Вдруг, даже не почувствовав перемещения, я тоже очутился на бесконечной песчаной равнине под черными звездами и пошел на звук ее голоса, звучавшего над низкими дюнами – к линии горизонта, к черному пятну, которое там пряталось.
Вначале я принял его за одну из упавших с неба звезд, но по мере нашего приближения контуры предмета проступали все отчетливей и отчетливей, и я в ужасе замедлил шаг, едва различив резкие очертания крыши, похожие на глаза окна и знакомый причал, лежащий теперь на песке.
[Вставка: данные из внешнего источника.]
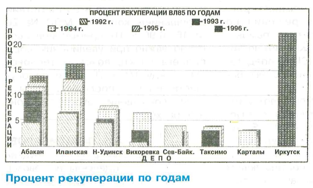 Тема: [12-1997] Дороги Восточной Сибири расширяют использование рекуперацииДороги Восточной Сибири расширяют использование рекуперации В планах развития российских железных дорог предусмотрена электрификация дорог в основном на переменном токе. Такая система электрической тяги имеет очевидные преимущества электроснабжения. Плавное регулирование напряжения на зажимах электродвигателей в режимах тяги и рекуперативного торможения улучшает тяговые свойства локомотивов. Это одно из основных преимуществ электропод-вижного состава переменного тока. В настоящее время в России — более 600 электровозов переменного тока с тиристорными преобразовательными установками, оборудованных устройствами рекуперативного торможения: ВЛ85 — около 270 ед., ВЛ80Р — 360 и ВЛ65 — 25. Этими электровозами в целом на тягу поездов расходуется примерно 1,5 млрд. кВт ч электроэнергии в год. Рекуперация — главное средство экономии энергии. Каждый процент сэкономленной энергии в год составляет 15 млн. кВт-ч. Такого количества электричества хватило бы на электроснабжение в течение года 12500 квартир (около 40 тысяч жителей) в расчете расхода по 80 — 120 кВт-ч на семью ежемесячно. Рекуперативное торможение в зависимости от профиля пути и организации движения поездов может обеспечить возврат до 25 % энергии, расходуемой на тягу. Отсюда видна эффективность рекуперации и необходимость расширения ее использования. Совместно со специалистами депо в 1991 — 1992 гг. были выявлены причины неполного использования рекуперативного торможения в депо Абакан, Иланская, Северобай-кальск, Вихоревка, Нижнеудинск. На основе результатов анализа полученных материалов были разработаны «Инструктивные указания по расширению применения рекуперативного торможения на электровозах переменного тока ВЛ80Р, ВЛ85, и ВЛ65», которые после утверждения ЦТ МПС разосланы по дорогам. Использование рекомендаций Инструктивных указаний не требует дополнительных затрат ни на модернизацию каких-либо устройств, ни на проведение организационных мероприятий, ни на дополнительное обслуживание электровозов. Поэтому результаты их внедрения не замедлили сказаться. Как обычно, начали расширять использование рекуперации на Красноярской дороге, которая по существу является первой электрифицированной на переменном токе и всегда активно совершенствовала устройства и эксплуатацию подвижного состава переменного тока. Улучшение показателей работы локомотивов в режиме рекуперации началось с 1993 г. в депо Абакан и Иланская, а затем на Восточно-Сибирской дороге. Эффективность использования рекуперативного торможения количественно оценивается отношением возвращенной электроэнергии при рекуперации к энергии, израсходованной на тягу, — процентом рекуперации. Особенно заметно средние ежемесячные и годовые проценты рекуперации стали увеличиваться на электровозах депо Иланская (в 1995 г. до 12,8 % и в 1996 г. до 15 %), в депо Абакан (в 1995 г. до 12,2 и в 1996 г. до 12 - 14 %, см. рис. 1). В мае 1996 г. на электровозах ВЛ85 депо Иланская средний возврат энергии при рекуперации достиг 18,1 %. В экспериментальной поездке 23.08.96 г. электровоза ВЛ85-155 с поездом массой 3500 т. электронный измерительновычислительный комплекс зафиксировал расход на тягу 3595 + 3611 = 7206 кВт-ч и возврат при рекуперации 956 + 925 = 1881 кВт-ч, что составило 26% от энергии, затраченной на тя
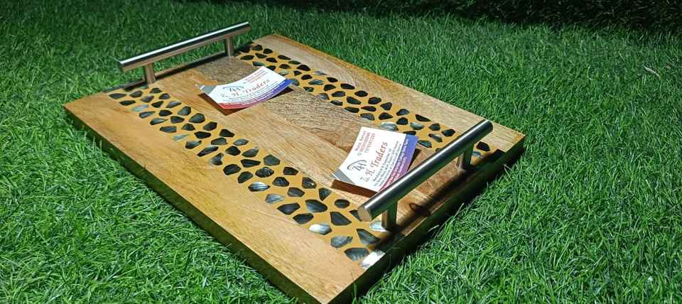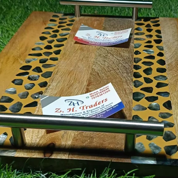 Premium Wooden Handle Mother of Pearl Inlay Tray Luxury Ramadan Mubarak Dessert and Date Serving Dish Eid Mubarak Festive Gift
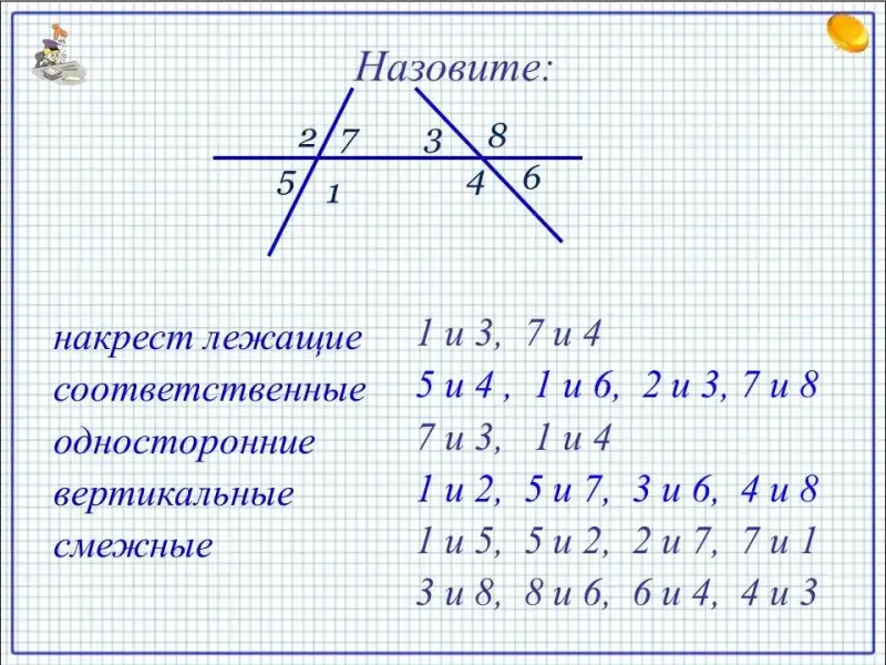Накрест лежащие, односторонние, соответственные углы, вертикальные, смежные.
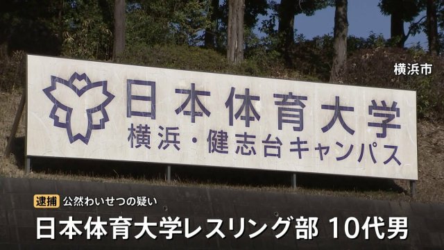 捜査関係者によりますと、公然わいせつの疑いで逮捕されたのは日本体育大学レスリング部の10代の男です。男は先月下旬、横浜市青葉区のコンビニで下半身を露出した疑いがもたれています。
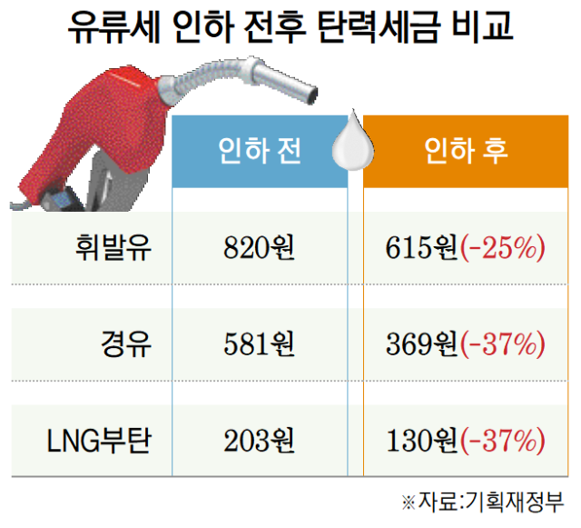 경유와 액화석유가스(LPG)부탄에 대해서는 37% 인하율을 유지한다. 경유는 L당 369원(212원 인하), LPG 부탄은 130원(73원 인하)의 유류세가 2개월 더 유지된다.
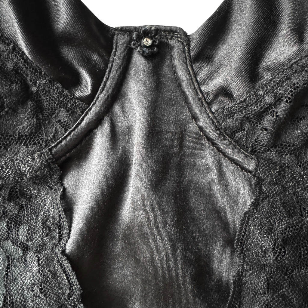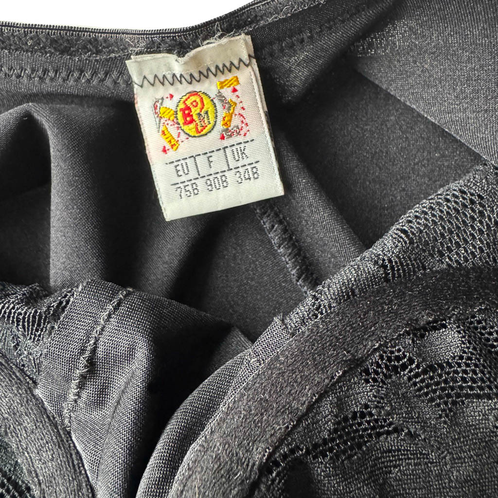 Body noir baleines et dentelle Elephant Paris vintage Datant des années 1 9 8 0, 8 0 % polyamide et 2 0 % élasthane, dentelle, neuf d’époque, très bon état Mesures prises à plat : Epaules : 3 7 / 6 7 c m, Poitrine : 4 0 / 6 3 c m, Taille : 3 0 / 4 4 c m, Longueur dos : 6 5 c m, Taille globale : S / M, Bonnet : France 9 0 B / Europe : 7 5 B / United-Kingdom : 3 4 B
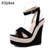 Fashion Eilyken Sexy Open Toe Platform Extreme Women Pumps Stiletto Heels Double Breasted Buckle Pole Dancing Sandals Shoes
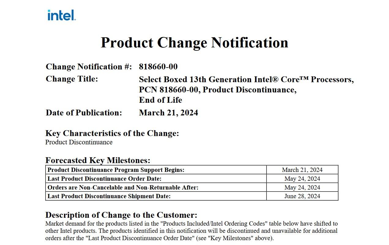 Les funérailles des processeurs se font souvent dans la discrétion ; celles des Raptor Lake déverrouillés ne dérogent pas à cette tradition : sans fanfare, Intel a officialisé la fin de ses Core overclockables de 13e génération. Ils sont en sursis jusqu’au 24 mai 2024, jour d’échéance des ultimes commandes par les détaillants.
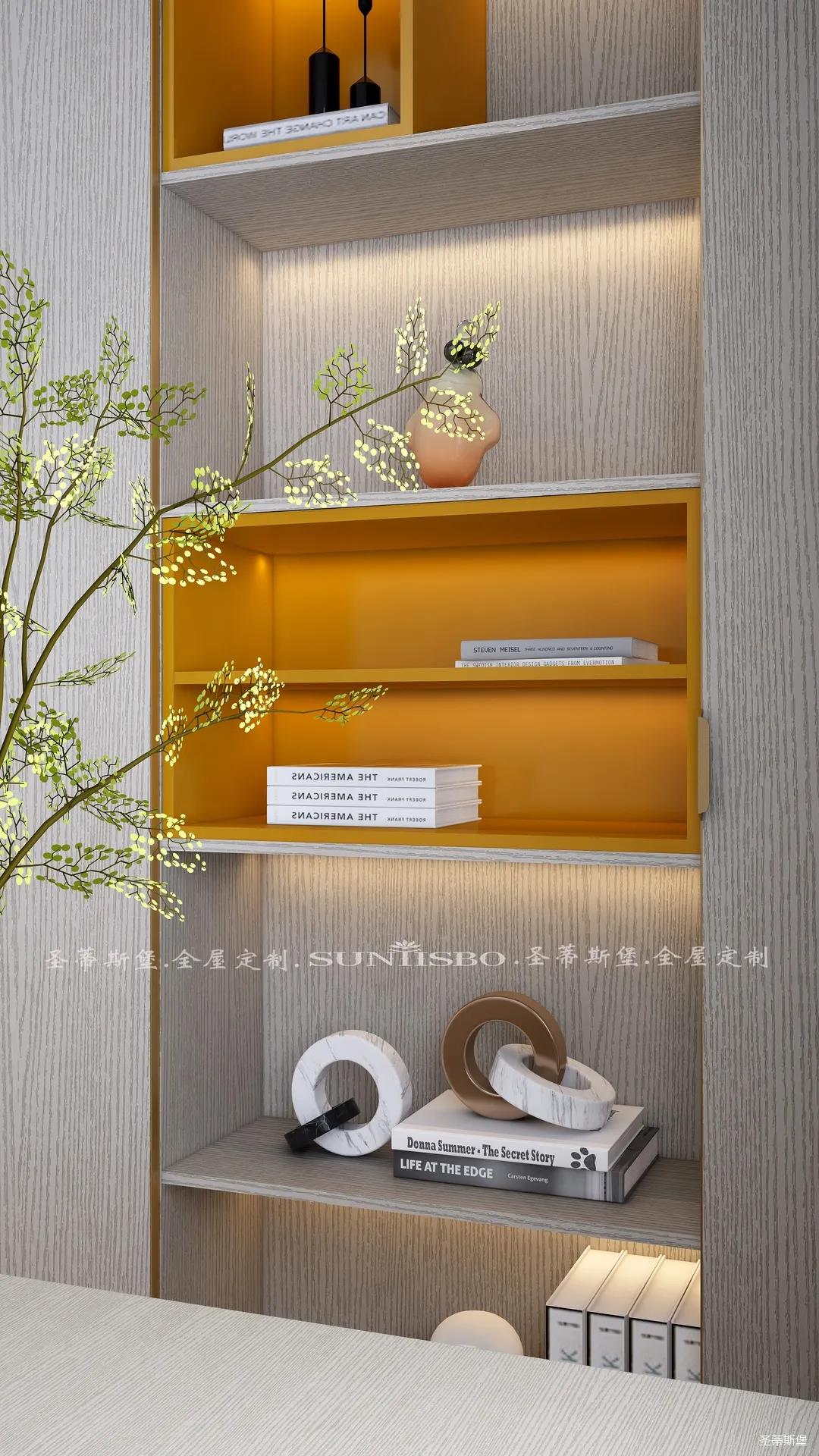 書柜點綴著適當(dāng)?shù)膼垴R仕橙,除了自身攜帶的高貴氣質(zhì),在聚焦視線的同時,還明確了收納分區(qū)。
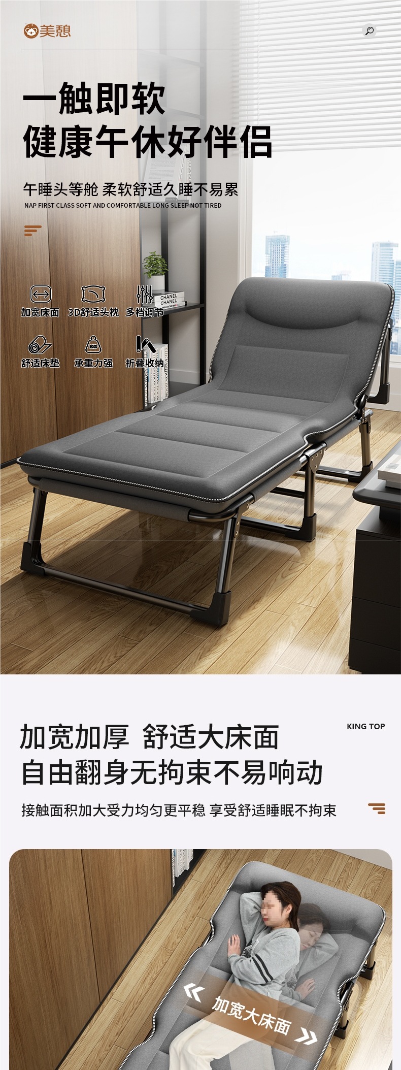 접이식 침대, 1인용 사무실 점심시간, 가정용 캠프 침대, 간이 낮잠 동반자, 다기능 휴대용 안락의자
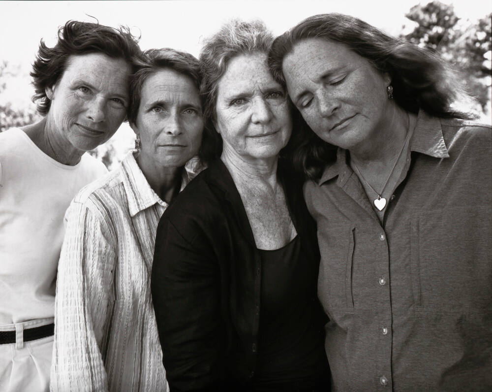 DescriptionPortrait of four sisters tightly grouped with heads resting against each other. Laurie, on the far right, is wearing a heart pendant and has her eyes closed.Copyright© Nicholas Nixon
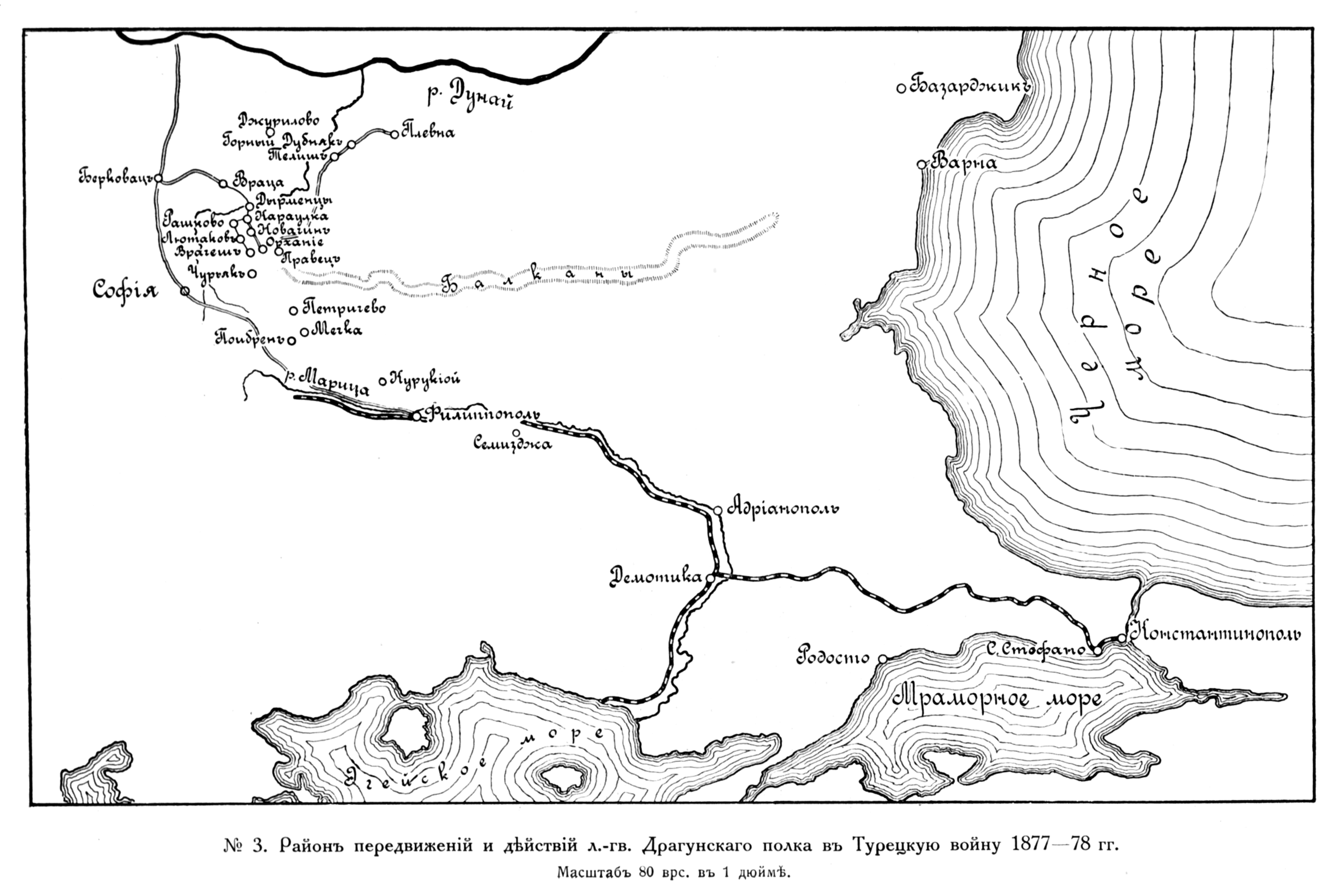 Район передвижений и действий лейб-гвардии Драгунского полка в Турецкую войну 1877-78 годов

Дом моего отца – нет, мой собственныйдом – стоял там на своих сваях-опорах, как окоченевший гигантский паук. Здесь не было Реки, не было Страны Тростников, словно весь мир чисто вымели, оставив лишь эту кучу старых деревяшек.
Когда я подошел к причалу, Хамакина уже ждала меня у подножия лестницы. Она смотрела вверх.
– Он там.
– Почему он сделал это с тобой и с мамой? – спросил я. Одной рукой я вцепился в меч, а второй – в лестницу. Я дрожал с головы до ног больше от жалости, чем от страха и гнева.
Ее ответ озадачил меня гораздо больше, чем все сказанное Аукином. Снова ее голос стал взрослым, почти грубым.
– Почему он сделал это с тобой, Секенр?
Я покачал головой и начал подъем. Когда я взбирался по лестнице, она трепетала, словно была живой и чувствовала мои прикосновения.
Голос отца загремел из дома, как гром:
– Секенр, я снова тебя спрашиваю, ты все еще любишь меня?
Я ничего не ответил, продолжив взбираться по лестнице. Люк над ней оказался запертым изнутри.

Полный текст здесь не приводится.